### PROBLEM TO SOLVE
From the data below, retype exactly the lines starting with the one that contains "11月1日スタート!どえらい市 SMART STYLE" and ending with the one that contains "3、多腔體結(jié)構(gòu),三元乙丙密封膠條,層層密封", both included.
(EXERCISE INPUTS)
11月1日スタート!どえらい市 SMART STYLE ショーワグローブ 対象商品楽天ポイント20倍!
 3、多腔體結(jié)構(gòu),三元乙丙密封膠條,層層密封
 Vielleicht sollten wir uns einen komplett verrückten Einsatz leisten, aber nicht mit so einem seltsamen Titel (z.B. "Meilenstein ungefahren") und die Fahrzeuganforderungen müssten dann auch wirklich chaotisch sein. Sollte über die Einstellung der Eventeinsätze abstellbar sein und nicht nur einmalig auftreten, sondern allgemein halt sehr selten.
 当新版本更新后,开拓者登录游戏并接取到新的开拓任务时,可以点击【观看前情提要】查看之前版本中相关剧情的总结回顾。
(End EXERCISE INPUTS)
(EXERCISE INPUTS)
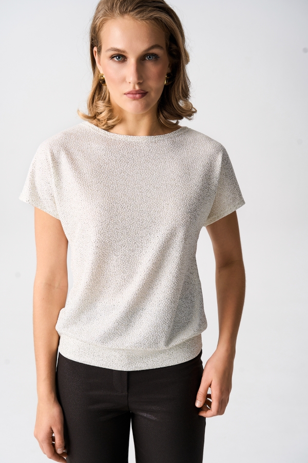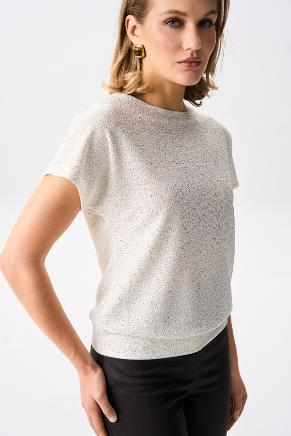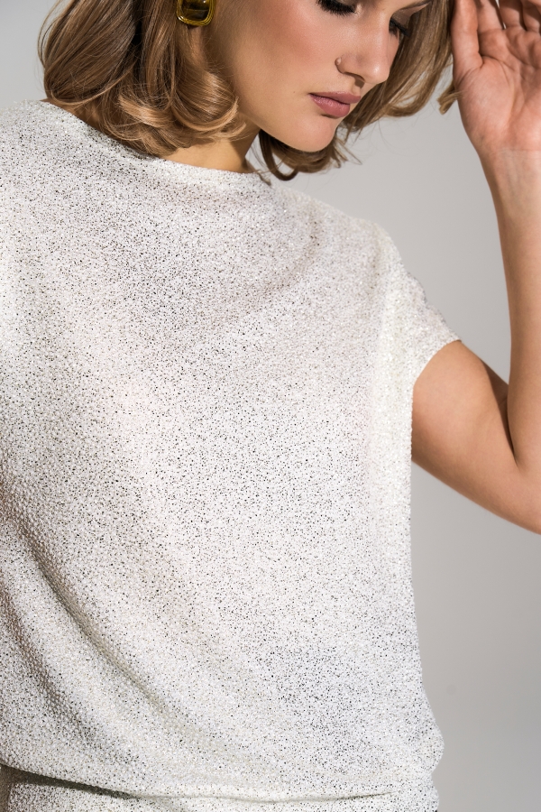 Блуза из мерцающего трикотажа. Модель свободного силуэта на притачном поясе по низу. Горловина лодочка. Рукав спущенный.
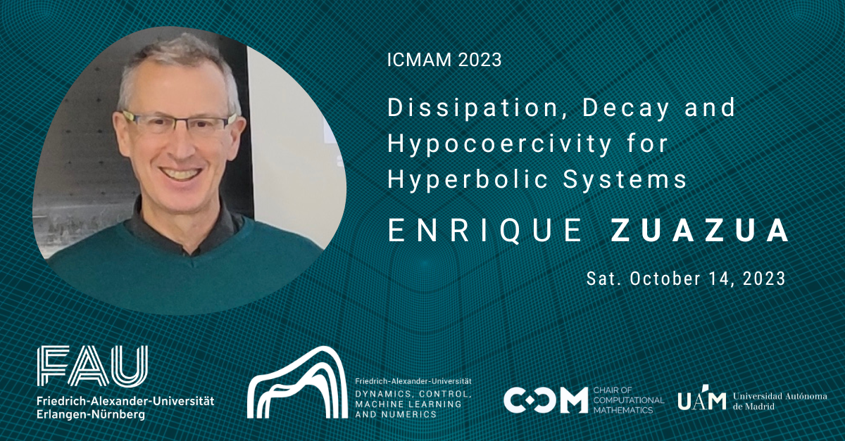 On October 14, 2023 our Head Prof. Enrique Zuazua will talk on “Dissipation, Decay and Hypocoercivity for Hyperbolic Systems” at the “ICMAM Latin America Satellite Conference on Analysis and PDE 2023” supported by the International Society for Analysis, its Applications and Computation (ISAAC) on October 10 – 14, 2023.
(End EXERCISE INPUTS)
(EXERCISE INPUTS)
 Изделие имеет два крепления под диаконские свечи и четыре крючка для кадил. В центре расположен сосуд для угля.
(End EXERCISE INPUTS)
### WRITTEN REPLY
11月1日スタート!どえらい市 SMART STYLE ショーワグローブ 対象商品楽天ポイント20倍!
 3、多腔體結(jié)構(gòu),三元乙丙密封膠條,層層密封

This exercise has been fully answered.